In a 2006 interview, he said ministers need to following their calling by God in determining whether to be politically active.

"A lot of things that I commented on years ago would not have been of the Lord, I'm sure, but I think you have some – like communism or segregation – on which I think you have a responsibility to speak out," he said.

Still, he said in a 2011 interview with Christianity Today that, while he was grateful for the opportunity to minister to people in high places, he regretted sometimes crossing the line into politics.

In December 2001, Graham was presented with an honorary knighthood, Honorary Knight Commander of the Order of the British Empire, for his international contribution to civic and religious life.

Later years

On Sept. 14, 2001, Graham preached to a nation still reeling from the terrorist attacks three days earlier, providing a message of comfort and hope.

"Yes, our nation has been attacked, buildings destroyed, lives lost. But now we have a choice: Whether to implode and disintegrate emotionally and spiritually as a people and a nation, or to choose to become stronger through all of this struggle, to rebuild on a solid foundation," he said in his address at National Cathedral in Washington, D.C. "I believe that we are starting to rebuild on that foundation."

Failing health – he suffered from Parkinson's disease and had ailments ranging from intestinal bleeding to lung infections to fluid on the brain – forced him to end his crusades in 2005, when he made one final appearance in New York. He did make subsequent appearances to preach, such as in New Orleans after Hurricane Katrina.

During his career, he preached in person to about 215 million people in 185 countries and territories worldwide.

Graham and son Franklin made public appeals before a 2011 statewide referendum for people to vote in favor of amending the North Carolina constitution to define marriage in the state as only between one man and one woman.

Graham and his wife spent much of their time during their final years in a home Ruth Bell Graham designed in Montreat. Political leaders from Obama to former Gov. Pat McCrory, as well as numerous candidates for office, continued to trek to the town in the western North Carolina mountains to meet with him.

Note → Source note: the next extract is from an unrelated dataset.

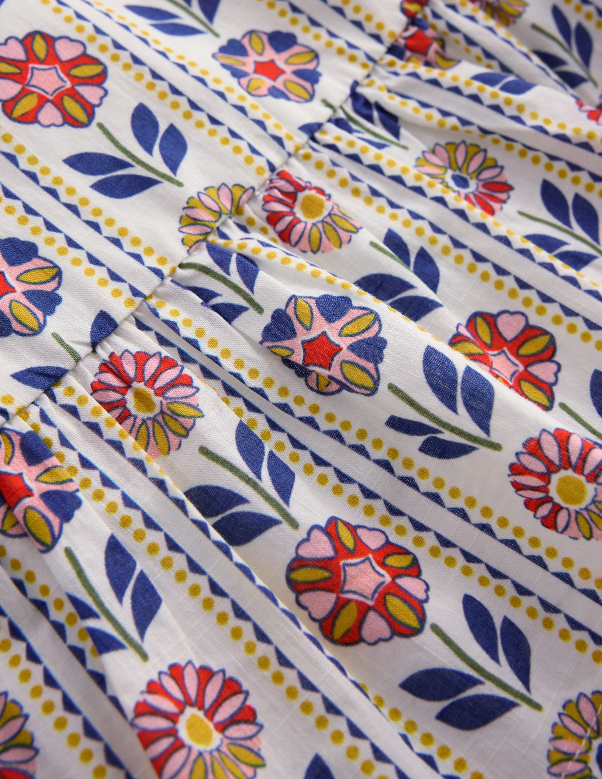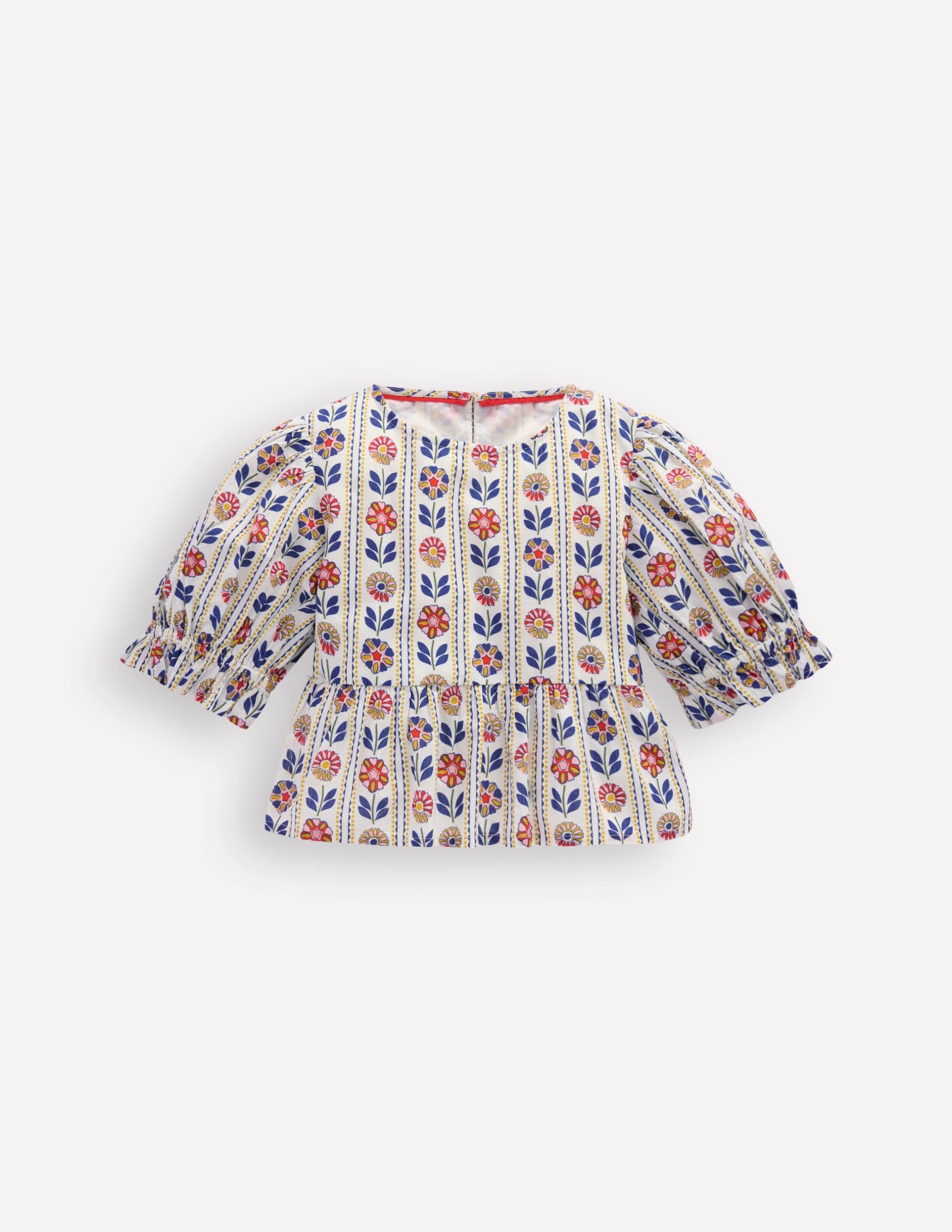 What is summer without ice-cream. sunshine and tops as floaty as clouds This woven cotton one is both light and pretty. It has puff sleeves. frills and a peplum hem. Choose from giant daisies. broderie and floral stripes and look out for the matching bottoms.

A frail Billy Graham appeared in Charlotte in 2007 to dedicate the Billy Graham Library, where he was joined by former presidents Jimmy Carter, George H.W. Bush and Clinton. The barn-shaped structure – it was modeled on his family's dairy farm and is located about four miles from his childhood home – features a giant cross entryway and various exhibits chronicling Graham's life and work.

The library was open Wednesday but will close Thursday in Graham's memory.

Within days of the library's opening, Ruth Bell Graham died at age 87 following a long illness. She was buried at the library, and her husband will be buried alongside her there in a plywood box made by Louisiana prison inmates as he heads to what he called "home."

“My home is in heaven," he once said. "I'm just traveling through this world.”